= Data excerpt =
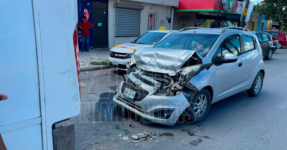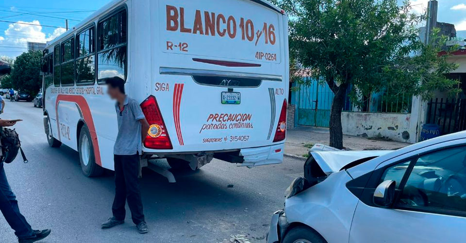 El accidente se registró en el 16 Coahuila y Nuevo León del primer cuadro de la ciudad, en donde se vieron involucrados un microbús de la ruta 13 y un Chevrolet Spark.
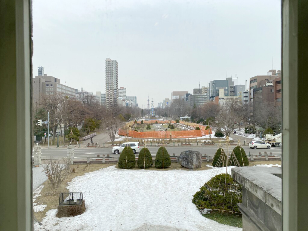 旧・札幌控訴院の窓外には、冬の終わりの札幌、大通公園が望めます。
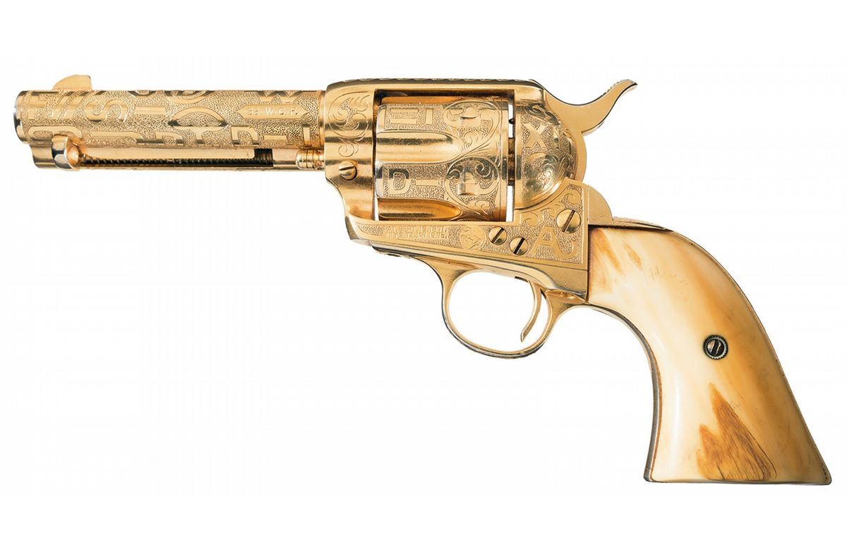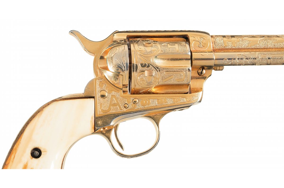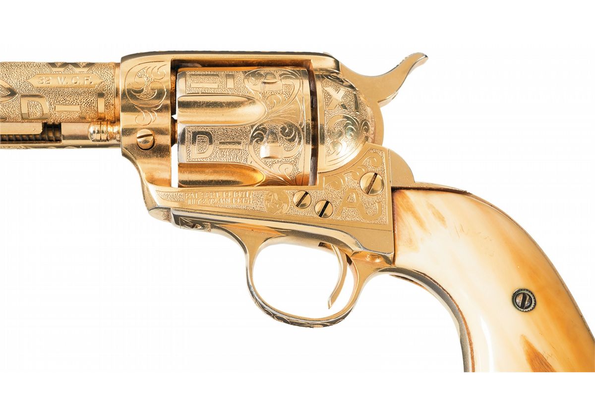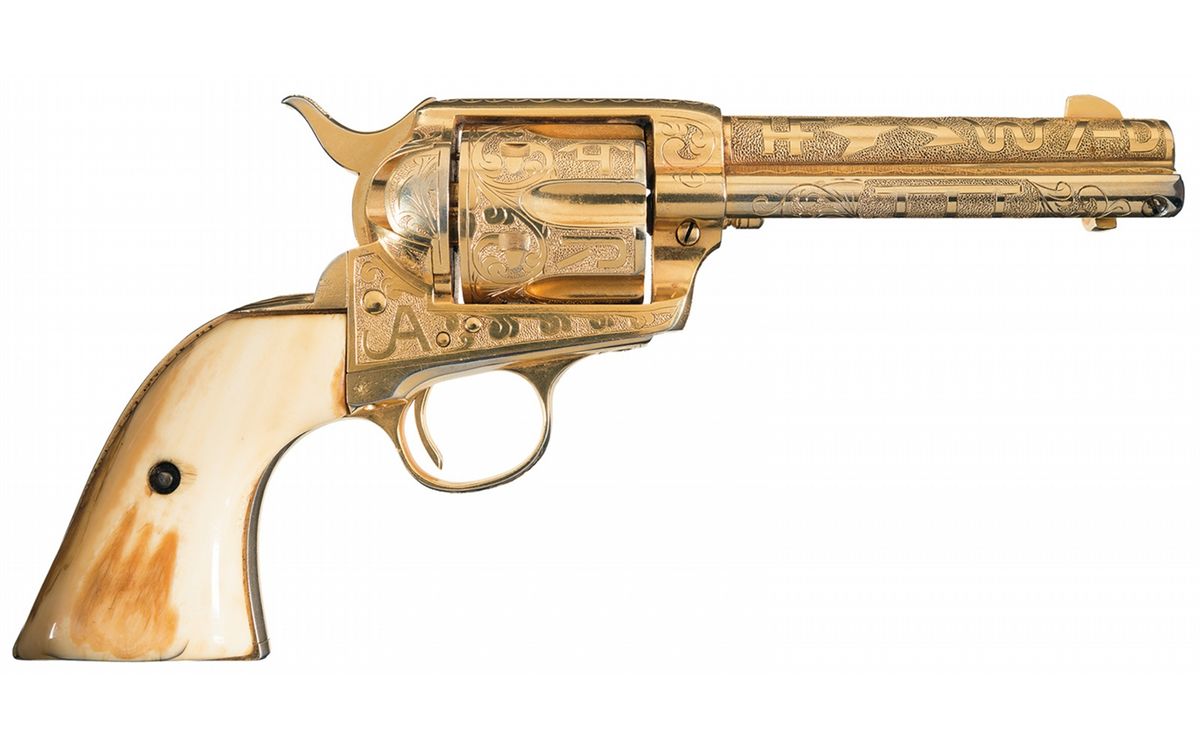 Manufactured in 1903 and subsequently custom engraved with a cattle brand motif. The revolver is nearly completely covered with cattle brand and floral scroll engraving much in the style of Cole Agee, Weldon Bledsoe or David Harris. The engraving is well executed in the typical western style with the recognizable "XIT", The Running "W" and many other famous Texas brands with a stippled background. The only surfaces not covered are the upper portion of the front strap, the inside area of the trigger guard, the cylinder flutes and the hammer. The top of the ejector housing has a simple wavy line and dot design. The top of the barrel is marked with the two address, "32 W.C.F." on the left side and the two-line, three-patent dates are marked on the left side of the frame followed by the circled Rampant Colt. The matching serial number appears on the bottom of the frame, trigger guard and the back strap. The entire revolver is gold plated and it is fitted with poorly fit undersize ivory grips.

= Exercise requirements =
Return the listing above unchanged, apart from dropping its pictures.

= Exercise answer =
 El accidente se registró en el 16 Coahuila y Nuevo León del primer cuadro de la ciudad, en donde se vieron involucrados un microbús de la ruta 13 y un Chevrolet Spark.
 旧・札幌控訴院の窓外には、冬の終わりの札幌、大通公園が望めます。
 Manufactured in 1903 and subsequently custom engraved with a cattle brand motif. The revolver is nearly completely covered with cattle brand and floral scroll engraving much in the style of Cole Agee, Weldon Bledsoe or David Harris. The engraving is well executed in the typical western style with the recognizable "XIT", The Running "W" and many other famous Texas brands with a stippled background. The only surfaces not covered are the upper portion of the front strap, the inside area of the trigger guard, the cylinder flutes and the hammer. The top of the ejector housing has a simple wavy line and dot design. The top of the barrel is marked with the two address, "32 W.C.F." on the left side and the two-line, three-patent dates are marked on the left side of the frame followed by the circled Rampant Colt. The matching serial number appears on the bottom of the frame, trigger guard and the back strap. The entire revolver is gold plated and it is fitted with poorly fit undersize ivory grips.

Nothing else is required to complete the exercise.